June 11, 2007
Mac OS X: Leopard
The new features of Leopard were presented today at the WWDC up in San Francisco. The new features and changes are very exciting. A lot of applications have been revamped and improved, and there's even greater network and application integration that I'll find very useful. But the biggest improvements are those related to file management. I think those features will fundamentally change how some things are done on a day-to-day basis.
Some of the new stuff is just eye candy, like the dock reflections and additional transparency. But some of the eye candy is actually useful, like how the new document stacks are animated (probably using Core Animation). Document stacks are sort of like popup collections of files available in the dock. This is a little like keeping a folder shortcut in your dock's document section, but not as restrictive since there's no filesystem boundary required; the files can be from anywhere.
I really like Quick Look too. A lot of times I open things like TextEdit or Preview just to take a look at something quick, only to close the application again or leave it open. But with Quick Look, that's no longer necessary. Document rendering filters that are plugins for the Finder will allow you to read entire documents without having to open any additional applications. Of course, I expect there to be a computational and memory hit associated with the running Finder. But from a usability standpoint, Quick Look looks great.
I am also really looking forward to using Time Machine. Basically, this is a continuous incremental backup system, but with hooks for the Finder to actually get to the backed up documents quickly and make use of them. You need a second hard disk to serve as your backup repository, and probably the bigger the better. I suspect it'd be best to get an enclosure so you can continually replace the hard disk with something bigger.
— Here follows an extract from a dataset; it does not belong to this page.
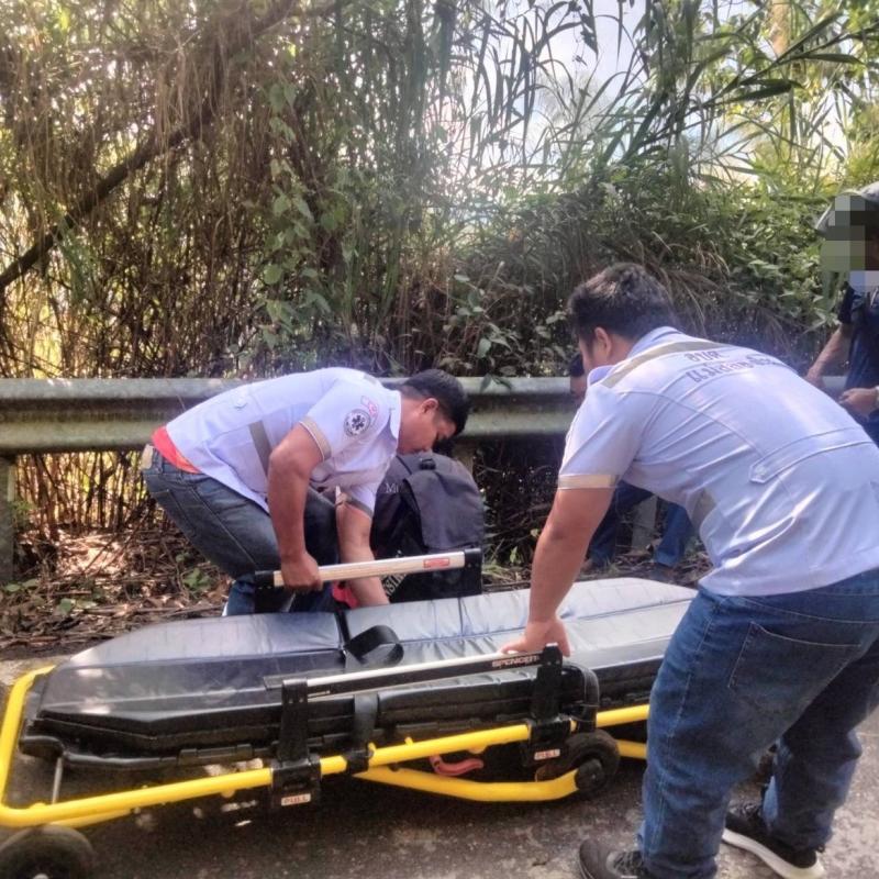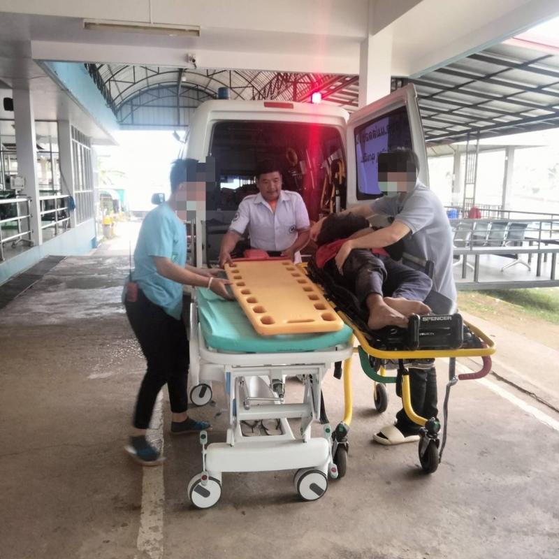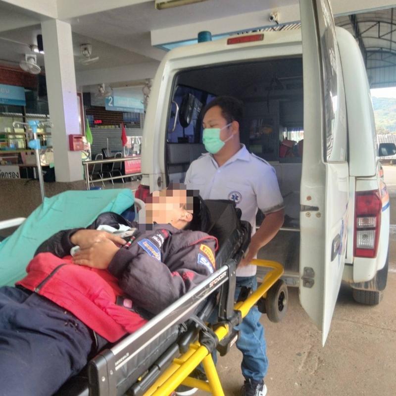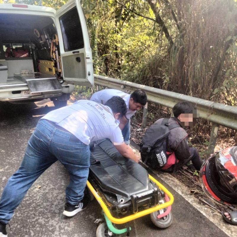ทีมงานกู้ชีพ ออกรับผู้รับบาดเจ็บจักรยานยนต์ล้มบ้านแสนใจ

A feature like this also makes a Leopard server even more attractive. I've already been contemplating moving to a Mac OS X server to take advantage of its groupware support. BTW, this idea isn't new; I first read about it with the Elephant filesystem. Also, in comparison to Windows Vista's System Restore, Time Machine is much more comprehensive, easy to use on a regular basis instead of as a special case, and works on individual files and is integrated with search.
I think Spaces is an excellent addition, although one I won't use that much. I may use it more frequently at work, where I have more limited screen estate and will often keep different application sets and window sets open for multitasking.
There are also a bunch of important UNIX-layer improvements: official POSIX compliance; a new version of Terminal that claims to be more Unicode friendly which might be helpful for Luna since she deals with so many Japanese and Chinese files; Kerberos NFS authentication that has long been lacking. The new Directory Utility looks like there might finally be a GUI for managing network mounts.
A very promising developer addition is Xray, a profiler that lies on top of the DTrace framework that was ported from Solaris. This looks really cool.